Mine in Northern Territory, Australia

The McArthur River mine is a zinc-lead mine, situated about 70 kilometres southwest of Borroloola, near the Gulf of Carpentaria in the northeastern Northern Territory, Australia. It is operated by McArthur River Mining (MRM), a subsidiary of the Swiss mining company Glencore. Although discovered in the 1950s, when it was originally called the HYC or "Here's Your Chance" deposit, it only opened as a mine in 1995. Initially an underground mining operation, the mine has been converted to open-cut.

==Early history==

The McArthur River zinc mine is based on one of the world's largest zinc, lead and silver deposits. Tom Lynott, the manager of McArthur River station is attributed with identifying the valuable metals in the area as early as 1887. Small mining ventures were attempted and failed due to the cost of transport. The deposit was proven in 1955 by a survey party from Mount Isa Mines (MIM) and named 'HYC' or 'Here's Your Chance'. The name came out of a conversation between chief geologist Syd Carter and fellow geologist Ron Beresford who were reviewing the progress of the survey party in 1956. Bemoaning that Beresford was naming all the prospects, Carter asked him what the specific area of the zinc deposit was going to be named. Bereford replied "here's your chance Syd" to which Carter replied, "that will do."

Drilling continued during the 1960s. By 1977 the first feasibility studies commenced and a pilot operation and temporary work camp were established. Costs prohibited further development at the time, but by 1989 MIM Holdings were issued the necessary leases to bring the mine into operation. In 1992 it joined forces with Japanese consortium ANT Minerals to develop the mine, forming McArthur River Mining Pty Ltd to operate on their behalf. In November 1993, the McArthur River Project Agreement Ratification Act was passed by the Northern Territory Government and the mine was operational by 1995.

==Expansion==

By 2001, most of the accessible underground ore was extracted and MIM reported a $900,000 loss. It began looking at the feasibility of turning the mine into an open-cut operation. Terms of Reference for an Environmental Impact Statement (EIS) were released in 2003. MIM was acquired by Xstrata in the same year, wholly owning the mine by September 2005.

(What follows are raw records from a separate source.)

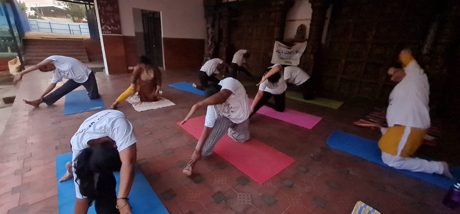 Our club organized a 10 days Yoga course open for all the non club members. It was conducted by Mrs Sudha Manjunath, who runs Amrutha yoga kendra in Shimoga. She has been a yoga instructor since 1990 and has trained thousands of students in her academy.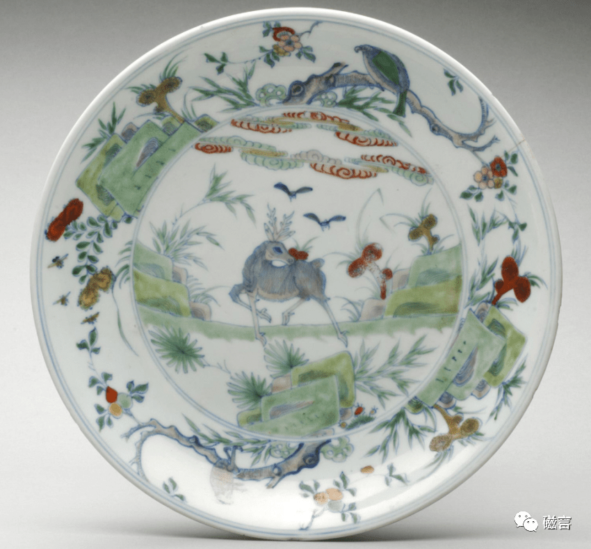 清雍正 斗彩鹿衔灵芝纹盘 美国费城艺术博物馆藏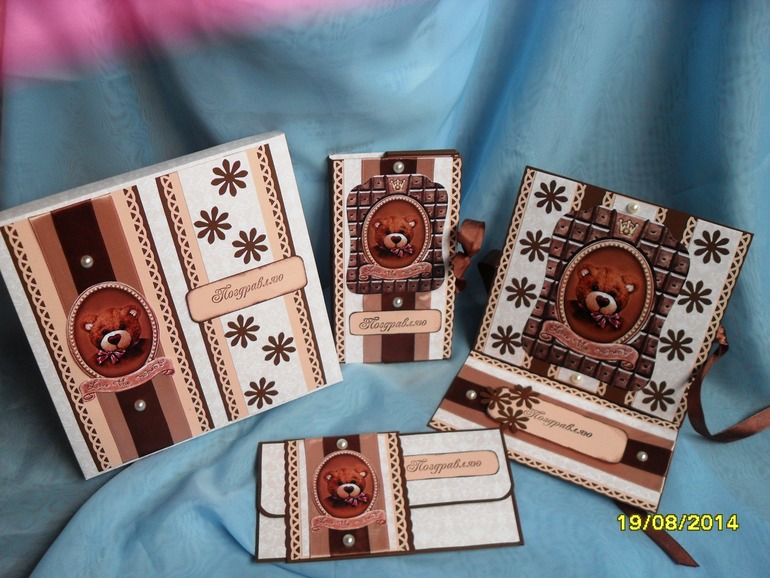 Полный комплект: коробка, открытка, шоколадница, конверт для денег

Plans to expand the mine were announced in 2005. As the main ore body lies directly beneath the river, the expansion required the diversion of 5.5 km of the McArthur River. The mine's expansion was quickly approved, with the support of Prime Minister John Howard. The approval was later revoked by action taken by the Northern Land Council with the support of the traditional owners and the Environmental Defenders Office, through the Supreme Court of the Northern Territory. This decision was also overturned within days and the mine given the go-ahead once more by parliamentary vote. The traditional owners continued to protest, taking the matter to the Federal Court of Australia. They won the case, only to have this decision declared invalid. The final decision was left to Peter Garrett, the Federal Environmental Minister at the time. Xstrata had threatened to sack all 170 staff unless Garrett made a quick decision. On 22 January 2009 he approved the expansion, "subject to a further 10 days of evaluation by Indigenous groups and others", promising also to protect local species such as the sawfish and migratory birds. Later in 2009, a report found that the mine's environmental impact was not being monitored.

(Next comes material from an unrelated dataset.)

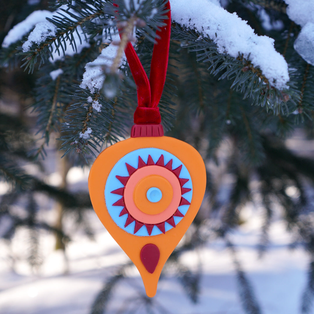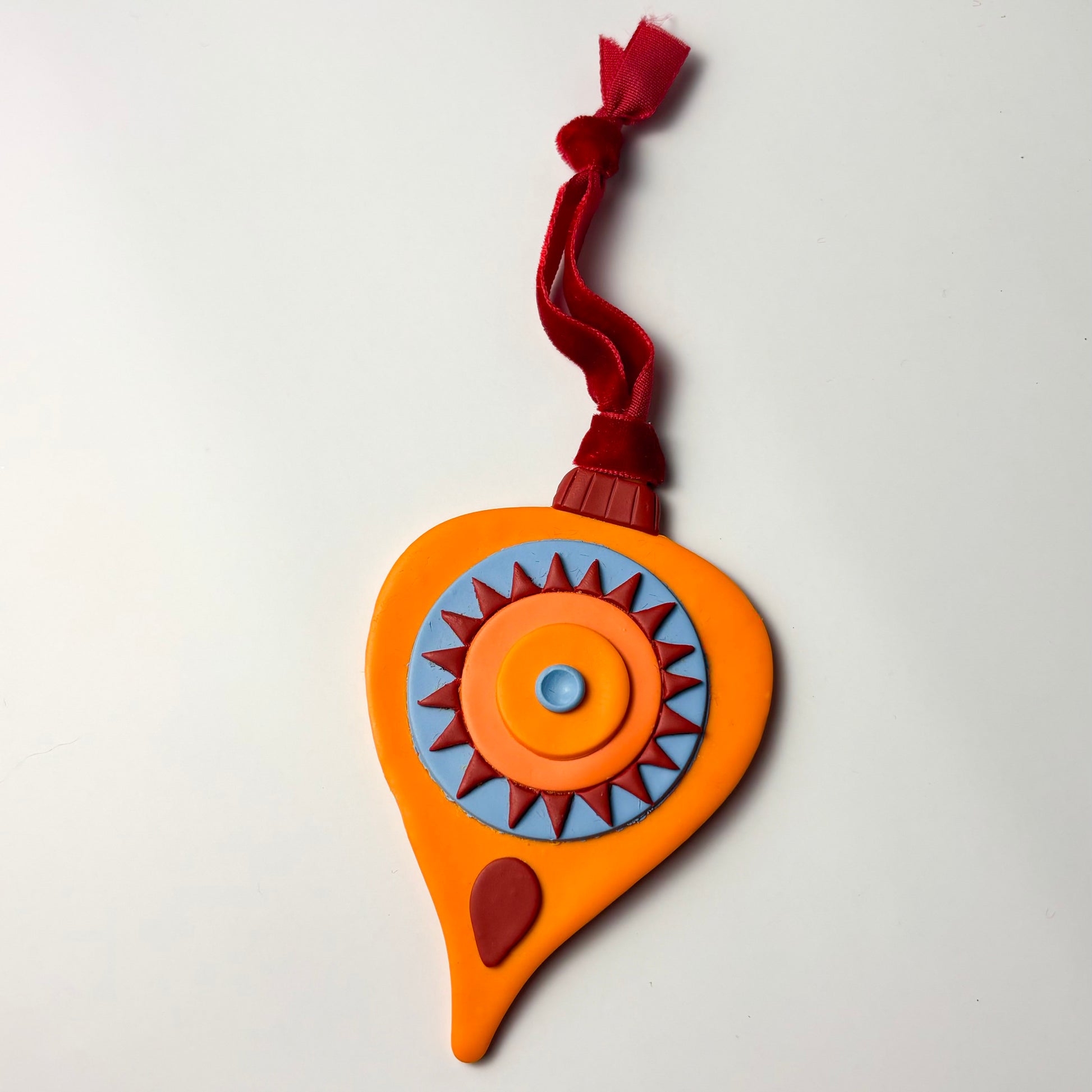 Ajoutez une touche rétro et colorée à votre sapin avec cet ornement en argile polymère aux tons orangés, rouges et bleu ciel. Chaque détail est façonné à la main pour créer un motif graphique unique qui ressort magnifiquement parmi les branches enneigées. L’ornement est ultra léger pour ne pas alourdir les branches et est suspendu à un ruban de velours rouge pour une finition chic et festive. Pièce disponible en quantité limitée, parfaite pour commencer ou compléter une collection de décorations artisanales.

In 2012 mining giant Glencore bought the remaining 66% share in Xstrata, taking over the McArthur River Mine. In 2013, the Northern Territory Government approved another $360 million expansion that would double its size and production, extending the life of the mine to 2038. Following an environmental impact study, the expansion is expected to increase production to 5.5 million tonnes per year and increase the workforce to 735 by 2020. It will extend the mine's life until 2038 and is projected to contribute $8.4 billion to the Northern Territory economy and $9.3 billion nationally.

==Operation==
The HYC deposit covers around and area of about two square kilometres and is 55 m in depth. Approximately 2.5 million tonnes of ore containing 383 kt of zinc, 93 kt of lead and 110 t of silver are currently mined per year, supplying markets in Europe, Japan and China. Bulk concentrate is refined to make zinc and lead metal and alloys.

===Ore processing===
The HYC ore body consists of an extremely fine dissemination of the valuable mineral grains intermeshed with the gangue. The technology to efficiently produce a marketable concentrate from this type of ore was not available until long after the deposit was identified. After Mount Isa Mines successfully introduced the IsaMill, the fine grinding necessary for mineral liberation was available for McArthur River to be developed. This unusual mineralogy combined with the ore's relatively high lead levels makes the lead and zinc virtually inseparable prior to smelting, and there are very few smelters which can process concentrate which is high in lead. These issues led Mount Isa Mines (later Xstrata) to develop a new lead-zinc leaching process in partnership with Highlands Pacific, known as the Albion process. The technology has now been applied to both gold and base metal projects also.

===Transport===
Bulk concentrate is trucked 120 km from the mine to a loading facility in the Gulf of Carpentaria. The concentrate is loaded onto a ship at the Bing Bong loading facility. From here the purpose-built barge called MV Aburri operates a shuttle service from the loading facility to a point fifteen nautical miles offshore where the concentrate is transferred on to overseas bulk carriers. There have been several transportation incidents.

==Environmental impacts==
===Creek contamination===

Seepage from the Tailings Storage Facility at the mine have been detected in the nearby Surprise Creek. Monitoring in 2005, 2007 and 2010 shows that soluble sulfate, zinc and, potentially, lead and cadmium are seeping into Surprise Creek. Dust from operations at the run of mine pad and crushing plant is contaminating stream sediments in both Barney Creek and Surprise Creek, affecting macroinvertebrate species. An extreme risk of embankment failure, or "overtopping", of the spillway in the Tailings Storage Facility due to water volumes has also been identified, requiring immediate action.

===Fish contamination===

Local Indigenous people have also raised concerns about contamination of fish in the McArthur River. Testing by the Northern Territory Government and the mine's consultant found that small species, including rainbow fish and bony bream, have been contaminated with lead above maximum-permitted concentrations, making them unsafe for human consumption. In 2015, reports showed that Glencore and the Northern Territory Health Department did not act on a recommendation from the Chief Health Officer to warn people living near the mine to not eat fish from three locations.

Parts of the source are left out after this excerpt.